Sim Sekhon on the significance of 0.25 per cent to the private rented sector
Those who remember the double-digit interest rates of the 80s and 90s may have dismissed last week’s decision by The Bank of England to raise interest rates by a quarter of a per cent as irrelevant. Indeed, at 0.75% base rates are still very low, but the move will, no doubt, have an impact on the housing market and could cause some landlords to make substantial changes to the way they operate.
There seems to be little doubt that lending institutions will pass the increase on. In simple terms, the move equates to an increase in the cost of borrowing equivalent to £250 per annum for each £100k of borrowing. Not an enormous sum in itself, but coming on top of changes to tax regimes, the agency fees ban and more regulatory licensing, it’s another erosion of income for the landlord who finances a portfolio with borrowing.

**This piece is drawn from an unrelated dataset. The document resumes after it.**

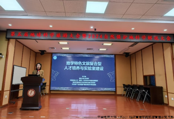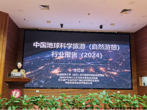 李江敏教授在会上进行了《中国地球科学旅游(自然游憩)行业报告(2024)》的成果发布以及《地学特色文旅复合型人才培养与实验室建设》的主题报告。
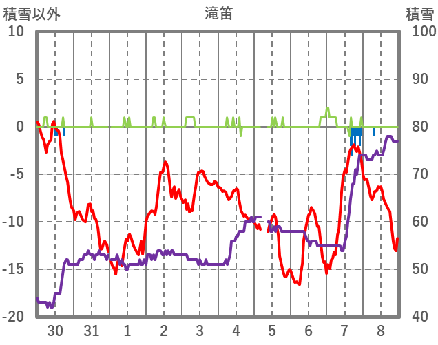 | 日 | 時 | 気温 | 降水 | 風向/風速 | 日照 | 積雪 | 降雪 |

Some will have the comfort of a fixed rate deal and will be able to delay the inevitable, but those with a standard variable rate mortgage could be hit anytime.
After ten years of mortgage rate stability, it’s almost impossible to predict what will happen next. Some commentators believe the increase is to give the Bank ‘wiggle room’ in case the ramifications of Brexit produce a slowdown in 2019 and rates can be dropped down again. Others say its purpose is to slow inflationary pressures. In the middle of the debate sits the homebuyer unsure whether to buy now – while there are still great fixed-rate deals to be had – or play a game of wait and see. And that, of course, is the same boat that landlords are in, trying to second-guess the vagaries of the financial markets and economic growth predictions in very uncertain times.
The problems for landlords are often magnified. With a portfolio, careful management is essential in these days of squeezed margins. Surveys suggest that landlords are already at the limit of the cost increases they can absorb and the next move is to pass on increases by upping rents. However justified such a move may be, it won’t be welcomed by renters who have endured a long period of stagnant wages and rising prices.
So, is there any good news implicit in the announcement? Other than for savers, it’s hard to see any real positives for the private rented sector. There is, however, a possibility that the move could slow the housing market by discouraging first-time buyers, at least in the short term. Longer tenancies and reduced property values could both be worthwhile for the landlord with a long-term commitment to the business and the appropriate investment strategy.
As usual, my advice is to evaluate all your decisions carefully. For example, if you’re about to secure a fixed rate mortgage deal – potentially a good move right now – make sure you understand the costs involved if you want to get out of that deal before the term expires. Shop around and weigh up where you can make savings that will mitigate the effects of your increased borrowing costs. Think about the impact of passing on the costs to your tenants. How will your rental values compare to other similar properties in your area?
There’s no simple answer to interest rate rises, but when you understand all your options, it’s easier to make sound decisions, and I stand by my view that well-managed property portfolios remain a profitable business opportunity.